» **Task objective**: Please return the data that follows precisely as written, but without the images.

» **Data segment**:
______________________________

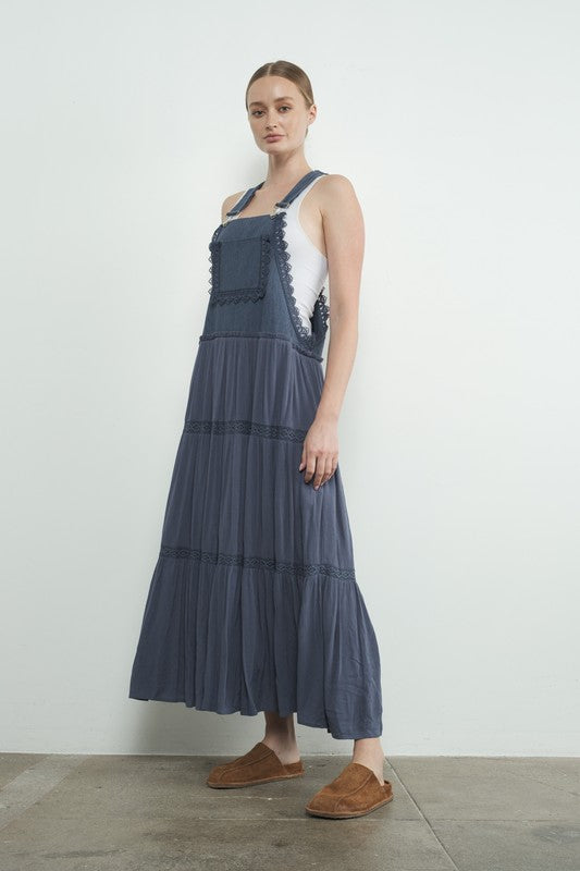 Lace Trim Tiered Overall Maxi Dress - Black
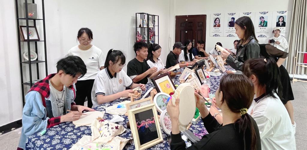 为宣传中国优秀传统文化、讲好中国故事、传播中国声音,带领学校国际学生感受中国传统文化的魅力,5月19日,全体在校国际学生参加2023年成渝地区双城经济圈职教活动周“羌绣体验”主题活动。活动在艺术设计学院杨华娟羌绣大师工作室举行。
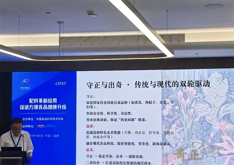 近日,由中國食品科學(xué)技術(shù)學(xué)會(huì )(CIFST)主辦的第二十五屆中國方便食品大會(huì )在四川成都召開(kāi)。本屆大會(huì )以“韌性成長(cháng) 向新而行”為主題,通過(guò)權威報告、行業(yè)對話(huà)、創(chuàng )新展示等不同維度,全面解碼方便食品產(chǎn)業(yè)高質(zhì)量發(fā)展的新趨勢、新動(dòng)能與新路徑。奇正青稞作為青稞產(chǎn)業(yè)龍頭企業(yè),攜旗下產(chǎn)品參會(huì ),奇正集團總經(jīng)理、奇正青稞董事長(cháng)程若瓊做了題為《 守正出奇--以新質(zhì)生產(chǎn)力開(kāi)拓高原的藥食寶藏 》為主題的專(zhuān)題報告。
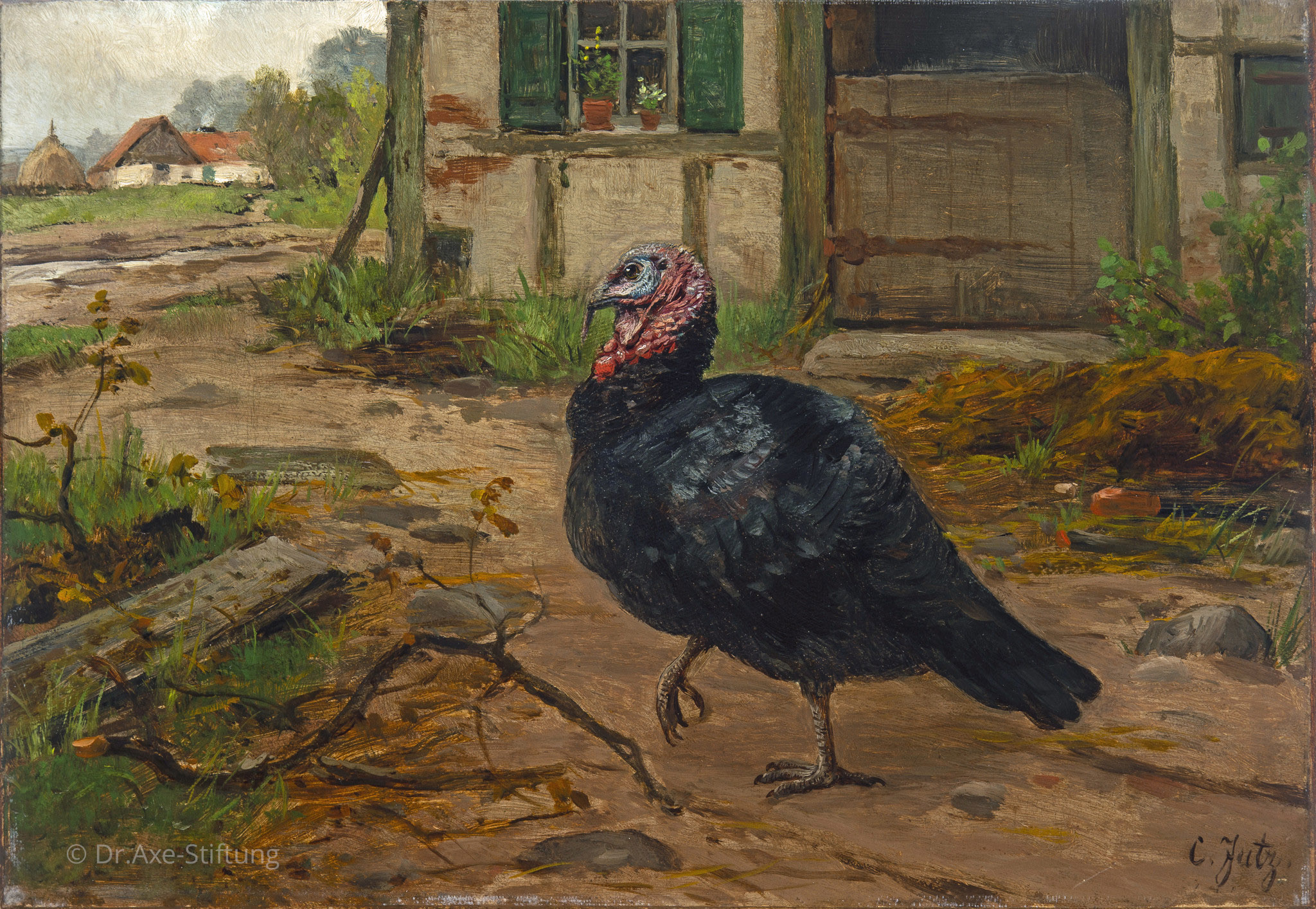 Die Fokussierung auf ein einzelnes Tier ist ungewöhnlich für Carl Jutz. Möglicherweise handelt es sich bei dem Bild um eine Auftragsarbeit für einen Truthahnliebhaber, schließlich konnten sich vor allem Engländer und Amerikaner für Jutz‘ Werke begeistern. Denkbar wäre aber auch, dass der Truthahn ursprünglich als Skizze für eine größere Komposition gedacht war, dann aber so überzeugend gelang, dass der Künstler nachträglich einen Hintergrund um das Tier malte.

______________________________

» **Your response**:
 Lace Trim Tiered Overall Maxi Dress - Black
 为宣传中国优秀传统文化、讲好中国故事、传播中国声音,带领学校国际学生感受中国传统文化的魅力,5月19日,全体在校国际学生参加2023年成渝地区双城经济圈职教活动周“羌绣体验”主题活动。活动在艺术设计学院杨华娟羌绣大师工作室举行。
 近日,由中國食品科學(xué)技術(shù)學(xué)會(huì )(CIFST)主辦的第二十五屆中國方便食品大會(huì )在四川成都召開(kāi)。本屆大會(huì )以“韌性成長(cháng) 向新而行”為主題,通過(guò)權威報告、行業(yè)對話(huà)、創(chuàng )新展示等不同維度,全面解碼方便食品產(chǎn)業(yè)高質(zhì)量發(fā)展的新趨勢、新動(dòng)能與新路徑。奇正青稞作為青稞產(chǎn)業(yè)龍頭企業(yè),攜旗下產(chǎn)品參會(huì ),奇正集團總經(jīng)理、奇正青稞董事長(cháng)程若瓊做了題為《 守正出奇--以新質(zhì)生產(chǎn)力開(kāi)拓高原的藥食寶藏 》為主題的專(zhuān)題報告。
 Die Fokussierung auf ein einzelnes Tier ist ungewöhnlich für Carl Jutz. Möglicherweise handelt es sich bei dem Bild um eine Auftragsarbeit für einen Truthahnliebhaber, schließlich konnten sich vor allem Engländer und Amerikaner für Jutz‘ Werke begeistern. Denkbar wäre aber auch, dass der Truthahn ursprünglich als Skizze für eine größere Komposition gedacht war, dann aber so überzeugend gelang, dass der Künstler nachträglich einen Hintergrund um das Tier malte.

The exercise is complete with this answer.